Are you able to answer either of the questions, in my previous reply?

How is "algorithm running time" measured, and how do you determine it?

This value is given.

What are the units on n = 100 million?

There are no units given and they are not needed. The number is a the "size" of the problem, so it is used abstractly.

Thanks

 

[mmm4444bot]

I divide by a million and get the result to be 1 million. That is one of the results I am certain about

That's a misstatement, yes? You divided by 100.





Okay -- I'm still trying to understand the exercise. From what class does this exercise come?





For run time n, maximum problem size is 100 million.


For run time 100n, maximum problem size is _____.


You filled in the blank with 1 million.


100n is bigger than n. I would expect the maximum problem size to increase, if the run time increases, so there's something basic about how run time and the size are related that I'm not understanding.


How did you know to divide the problem size by 100, when you saw that n changed to 100n?

 

[KateS]

That's a misstatement, yes? You divided by 100.

Your right.

Okay -- I'm still trying to understand the exercise. From what class does this exercise come?

Introductory algorithms class.

For run time n, maximum problem size is 100 million.


For run time 100n, maximum problem size is _____.


You filled in the blank with 1 million.


100n is bigger than n. I would expect the maximum problem size to increase, if the run time increases, so there's something basic about how run time and the size are related that I'm not understanding.


How did you know to divide the problem size by 100, when you saw that n changed to 100n?

When the running time of the algorithm is 100*n, that means it is 100 times slower than the algorithm that works in n time. So in the same amount of time 100 times less problems could be solved.

 

[mmm4444bot]

Okay -- so, this exercise kinda looks like inverse operations.

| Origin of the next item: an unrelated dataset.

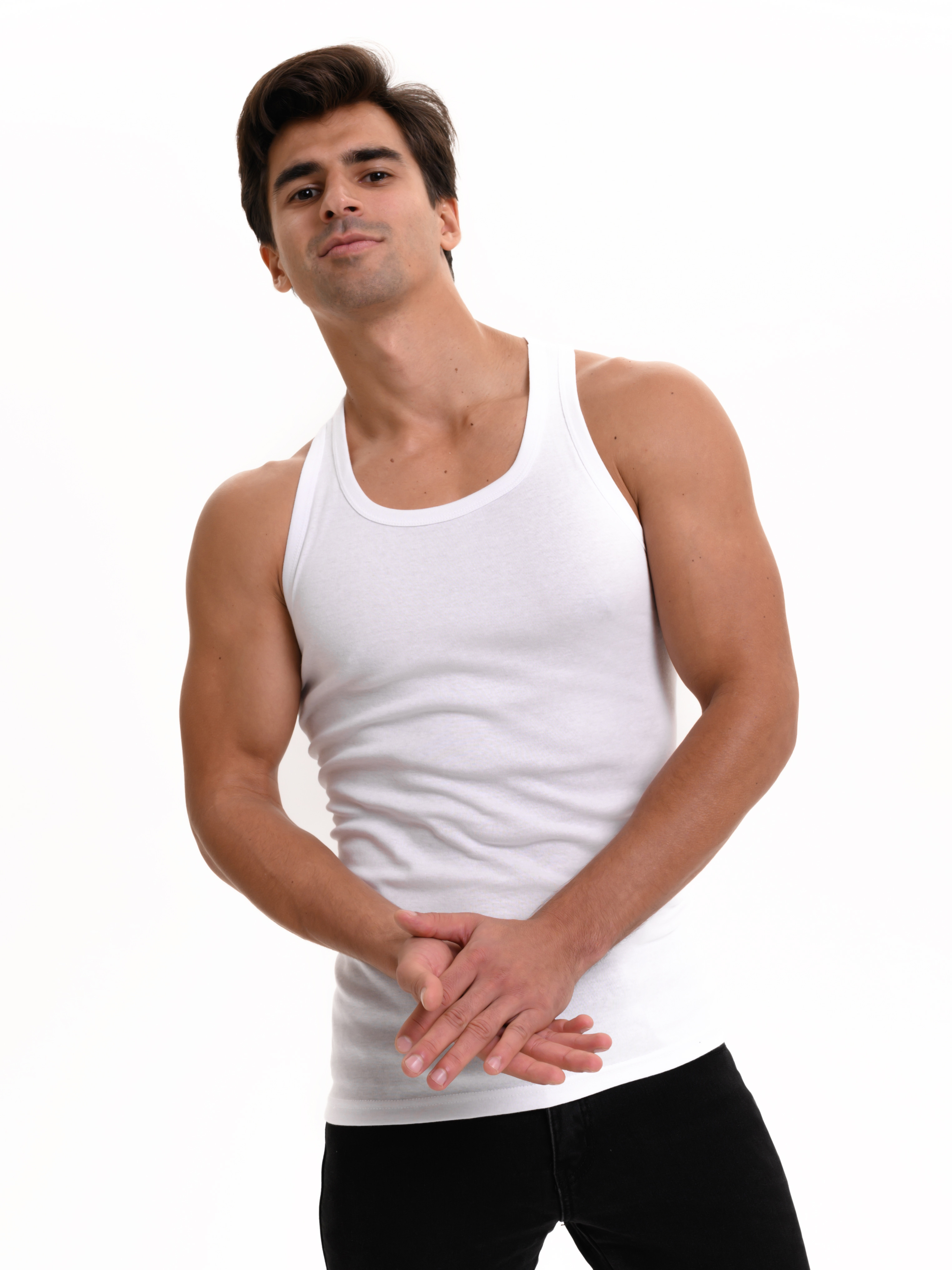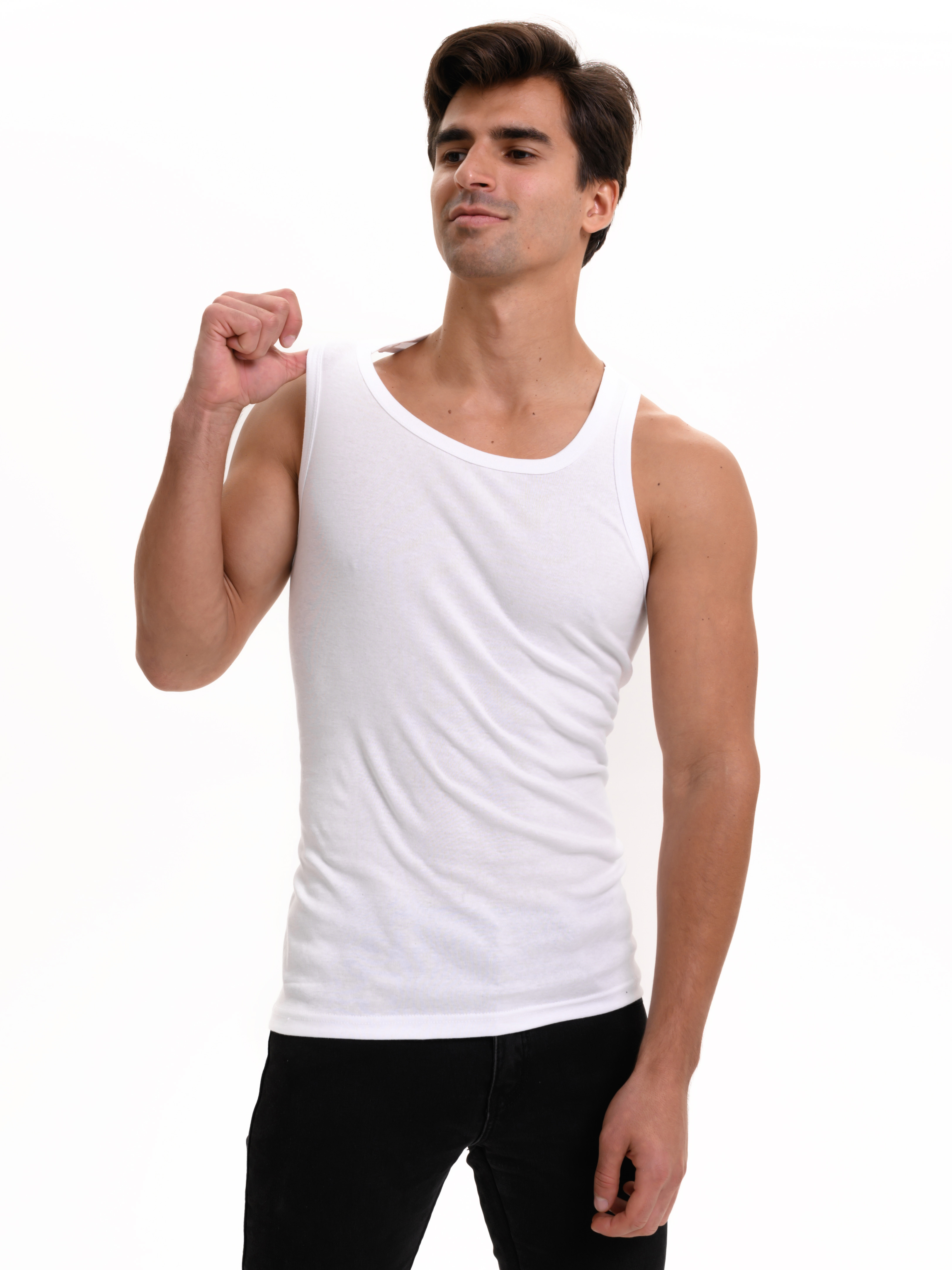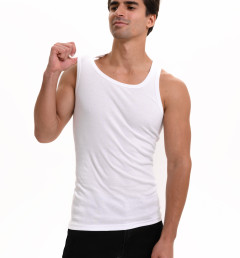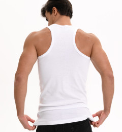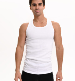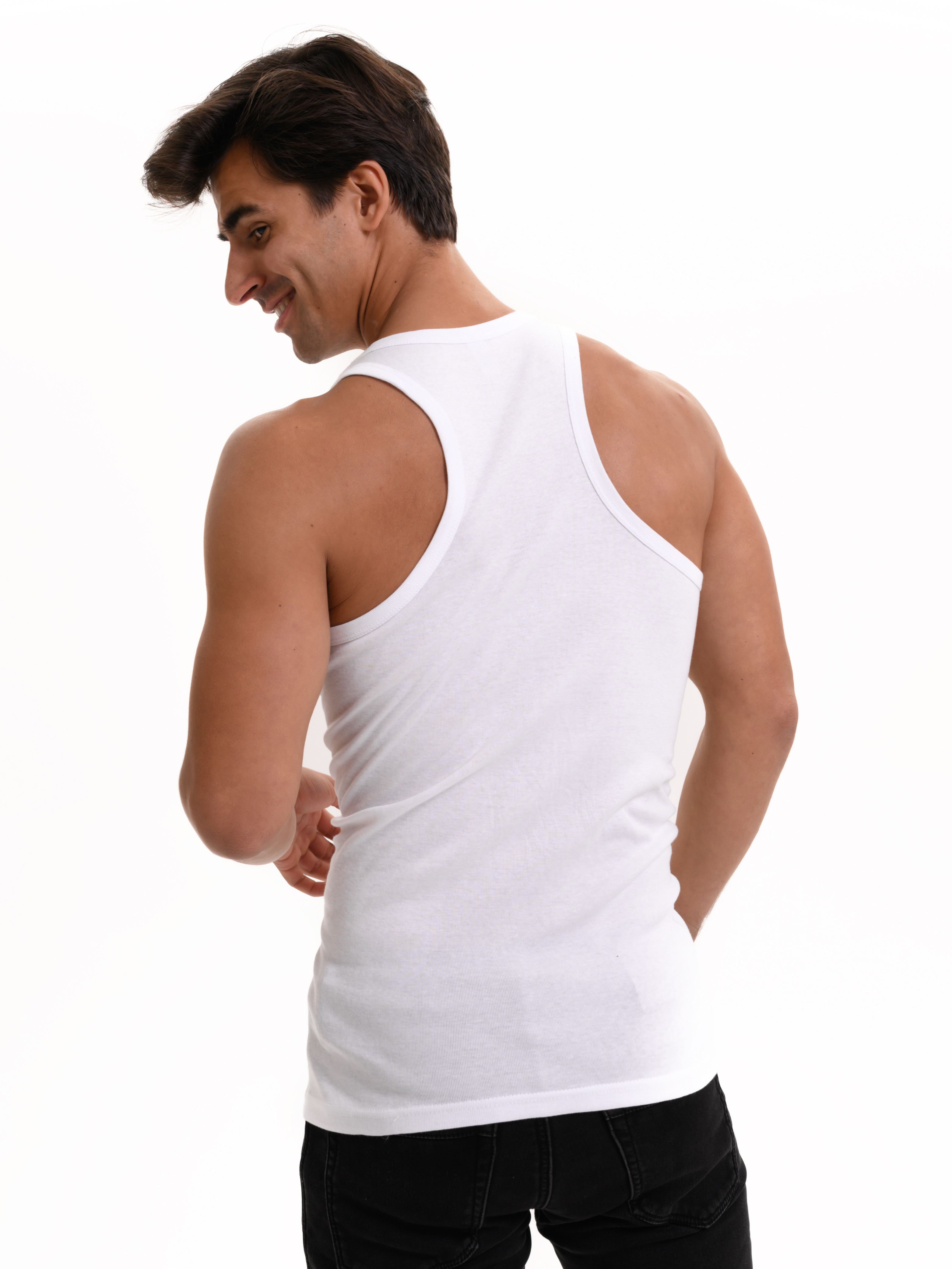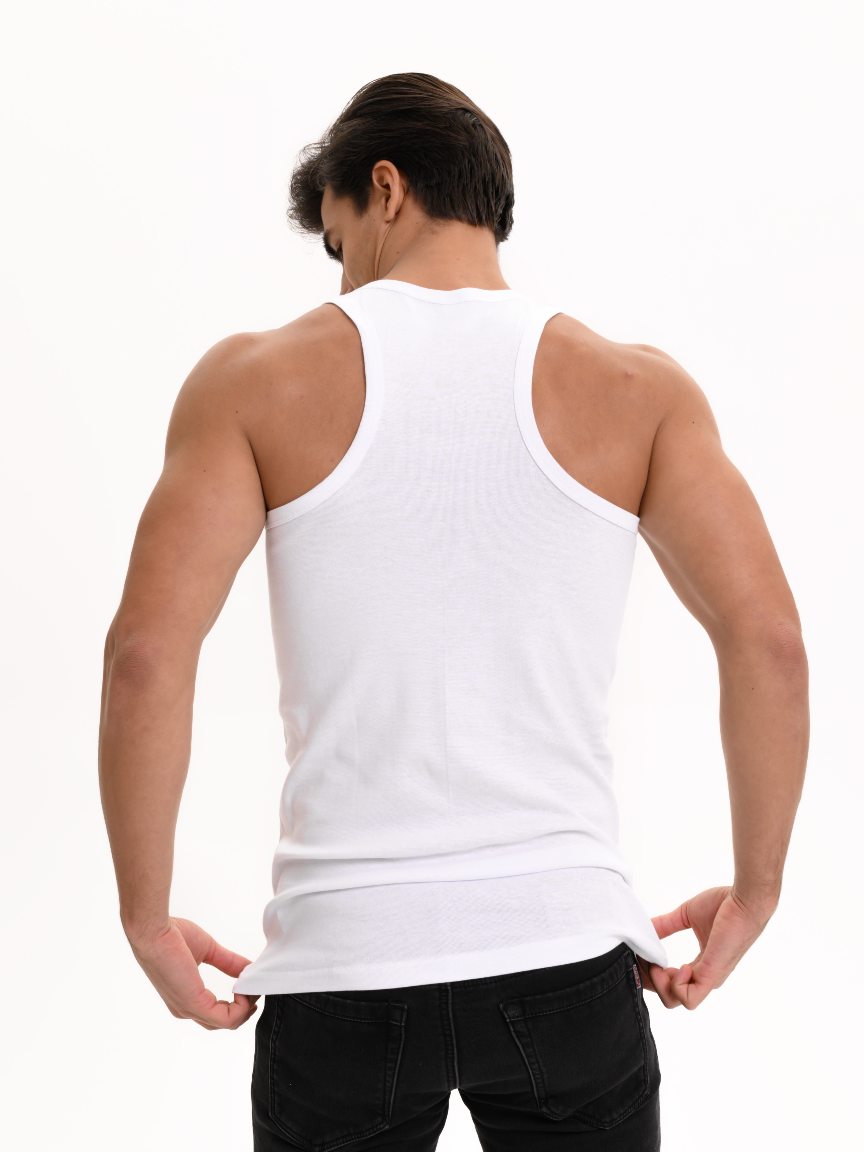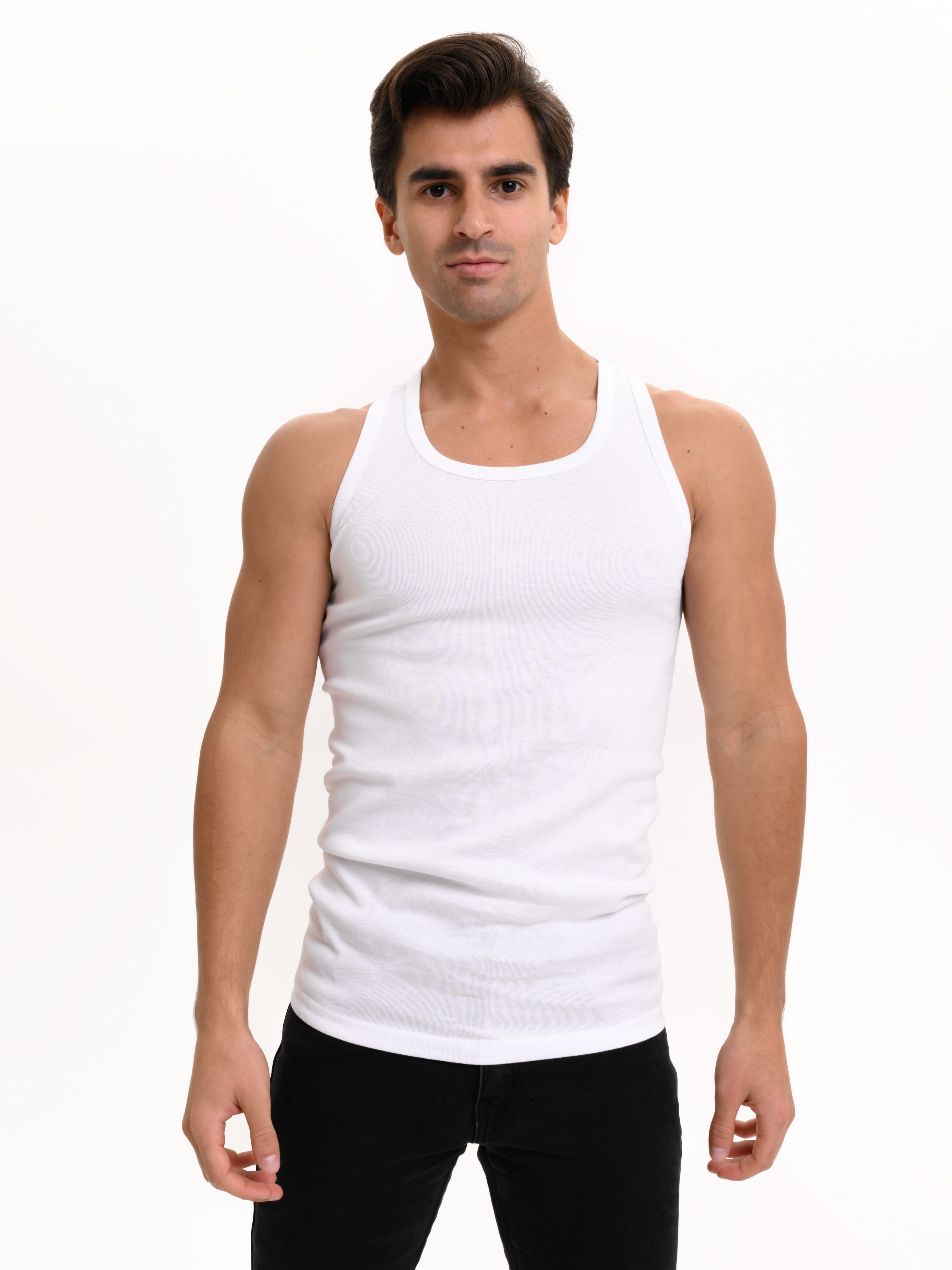 Мужская майка Oztas белого цвета на широких лямках, приталенная. Спина борцовка. Изделие изготовлено из 100% хлопка.

To get from 100n back to n, you divided by 100.

To get from n^2 back to n, you took the square root.

To get from n^3 back to n, you took the cube root.

Those steps match your posted results.

To get from 2^n back to n, we take the base-2 logarithm of 2^n:

log₂(2^n) = n*log₂(2) = n*1 = n

log₂(100 million) = 26.575 ... not sure whether you're rounding or truncating

To get from log₁₀(n) back to n, by the definition of logarithms, we raise 10 to the power of log₁₀(n).

But 10^(100 million) is VERY large, large enough for me to wonder whether something other than inverses is involed. Does such a large number make sense to you?

 

[KateS]

Okay -- so, this exercise kinda looks like inverse operations.

To get from 100n back to n, you divided by 100.

To get from n^2 back to n, you took the square root.

To get from n^3 back to n, you took the cube root.

Those steps match your posted results.

To get from 2^n back to n, we take the base-2 logarithm of 2^n:

log₂(2^n) = n*log₂(2) = n*1 = n

log₂(100 million) = 26.575 ... not sure whether you're rounding or truncating

To get from log₁₀(n) back to n, by the definition of logarithms, we raise 10 to the power of log₁₀(n).

But 10^(100 million) is VERY large, large enough for me to wonder whether something other than inverses is involed. Does such a large number make sense to you?

Thanks, logarithms are still a bit tricky for me. Yes, a large number for log(n) makes sense.

 

[HallsofIvy]

I am looking at algorithms and am given the maximum size of a problem solvable in one second is n = 100 million. I need to calculate the maximum problem size that can be completed in one second using different running times. I had issues calculating some of them, so I was looking for some help if I had gone wrong, thanks: n = 100 million, log(n) = 10, 100n = 1 million, n log(n) = 10, n^2 = 10 thousand, n^3 = 464, 2^n = 1.41

I don't understand what you are asking. If n= 100 million then ln(n) is certainly NOT 10 and 100n is NOT 1 million.

 

[mmm4444bot]

Kate's not using the equal signs to show equality; she's using them to show associations. (That had me confused, too.)

 

[Deleted member 4993]

I think this is a HW from computer science class - involving Big_O notation.